The Newham Monitoring Project (NMP), a partner organisation in Netpol, have published some initial findings from their monitoring of policing during the Olympics.

NMP trained and supported 89 Community Legal Observers (CLOs), who were deployed in shifts during the Games and contributed a total of 222 hours on the streets of Newham, where they handed out 6450 rights cards to local people. In a presentation of a forthcoming report on the policing of the Olympics in the borough, NMP’s director Estelle du Boulay highlighted some of the early findings from the huge amount of data that was gathered by CLOs during their shifts.

They found that:

The community response was overwhelmingly positive
Community Legal Observers were frequently told by members of the public that their activtities were ‘exactly what is needed’. One CLO told us: “no-one ever responded negatively, about 50% with curiosity … many with delight”.

The response from police quickly changed
The attitude of officers changed from amused to antagonistic as it because clear we were not going away and as a result of the consistent quality and commitment of CLOs. There were attempts to intimidate and insult our volunteers but thankfully no threats of arrest.

There are still problems with stop and search
In the majority of stops witnessed by CLOs, receipts were only given when police officers were aware that their actions were observed and in most cases, stop and search powers were not explained. One CLO who was stopped and searched after finishing a shift had ‘anti-police’ written on his receipt under “grounds for stop” after politely noting his rights and withholding his name and address.

There was a less than positive attitude by police towards people knowing about their rights
We received statements from people who had been arrested that our rights cards were taken from them upon arrest and they were not allowed to call NMP from custody.

There were accounts of strip searches taking place in police vans
The number of these accounts was alarming – especially as conducting a strip search in a van is illegal. One person was told: “In the van or down the station. It will be worse down the station.”

Below the surface, some police conduct was less professional than portrayed by senior officers
The high number of officers on duty, the large number of police vehicles and a visible display of firearms was designed to create a public image of complete authority and control. But below the surface, this ‘total policing’ approach frequently manifested itself in rude, aggressive and threatening attitudes to members of the public.
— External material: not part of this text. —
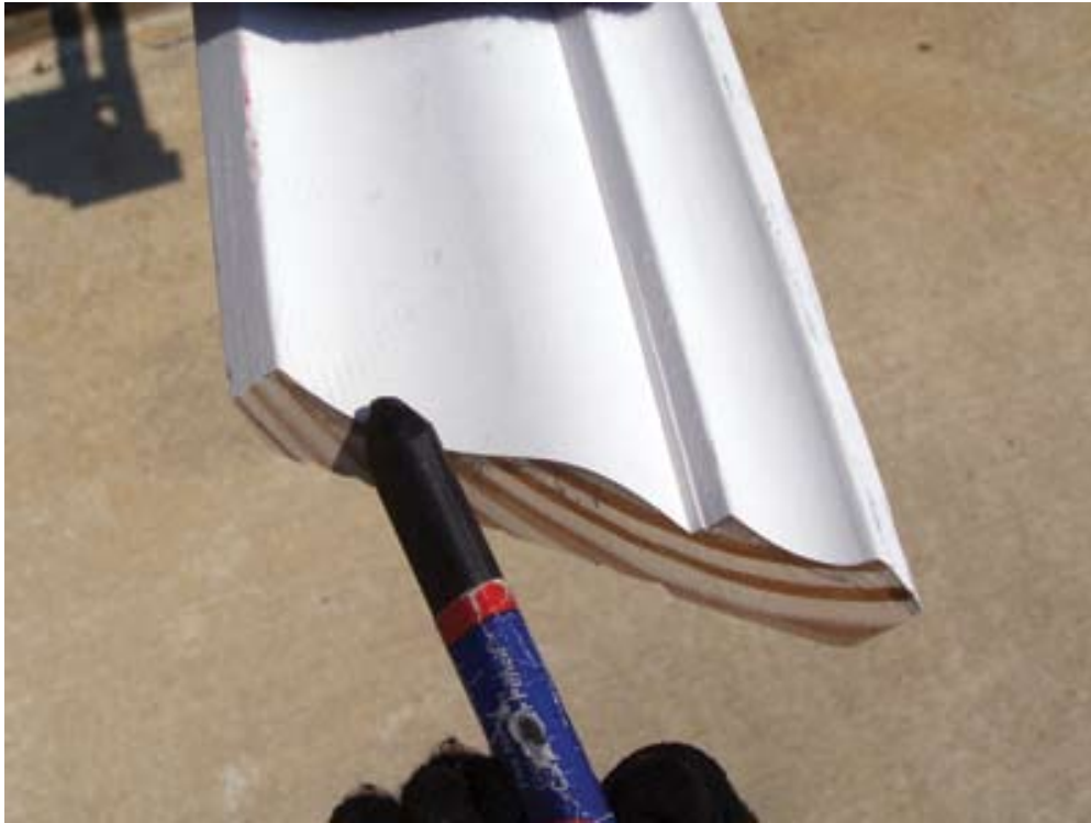
Use a pencil to darken the edge of the profile for better visibility.

The experience of volunteering as a Community Legal Observer was itself very positive
Feedback from people who gave up their time to become CLOs for what was often a demanding role told us how much they enjoyed taking part, saying they felt “empowered … discovering there were actions they could take… and an organisation to support them”

Now that the Olympics and Paralympics are over, NMP is finalising a detailed report on community legal observing and a timeline showing the different incidents that took place during the period. The intention is to turn this into a resource for young people.

NMP were also able to provide each Community Legal Observer with a memento of their incredible work over the summer – a specially designed ‘gold medal’ (right) that shows the iconic ‘human rights salute’ protest by Tommie Smith, John Carlos and Peter Norman at the 1968 Mexico Olympic Games.

The report will be available shortly.